[WHAT IS EXPECTED] All of the data that follows should be retyped exactly, please, except the pictures.

[MATERIAL PROVIDED]
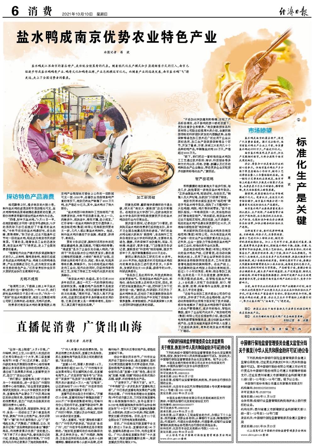 盐水鸭是南京的著名特产,深受广大消费者喜爱。据不完全统计,南京有盐水鸭生产企业上千家,年消费盐水鸭近6000万只,产值近50亿元。
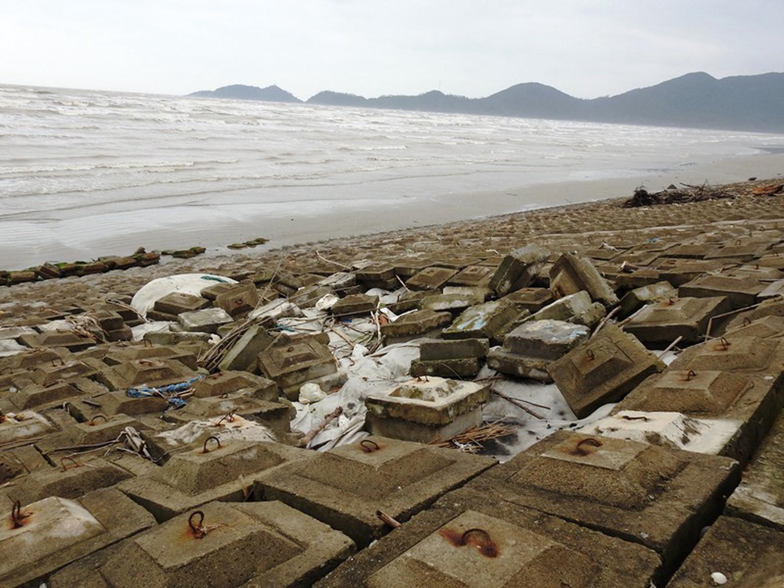 Tuyến đê biển huyện Lộc Hà được đầu tư gần 100 tỷ đồng dễ dàng bị hạ gục bởi một trận bão. Ảnh: HY
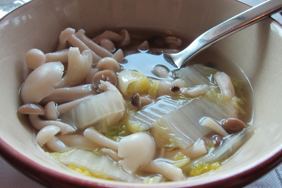 Mrs. Selfish quickly became obsessed with their breakfast soup, which she customarily packed with tofu, mushrooms, and greens – delicious.
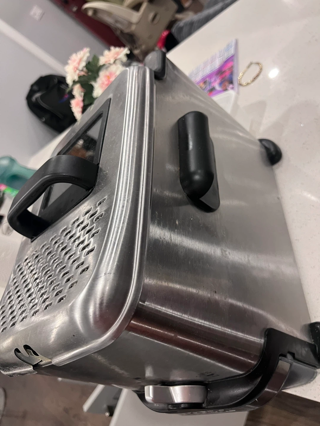 Selling a T-Fal deep fryer in good condition. It's perfect for making fries or other fried foods at home. It has a stainless steel finish and a black base.

[RESULT]
 盐水鸭是南京的著名特产,深受广大消费者喜爱。据不完全统计,南京有盐水鸭生产企业上千家,年消费盐水鸭近6000万只,产值近50亿元。
 Tuyến đê biển huyện Lộc Hà được đầu tư gần 100 tỷ đồng dễ dàng bị hạ gục bởi một trận bão. Ảnh: HY
 Mrs. Selfish quickly became obsessed with their breakfast soup, which she customarily packed with tofu, mushrooms, and greens – delicious.
 Selling a T-Fal deep fryer in good condition. It's perfect for making fries or other fried foods at home. It has a stainless steel finish and a black base.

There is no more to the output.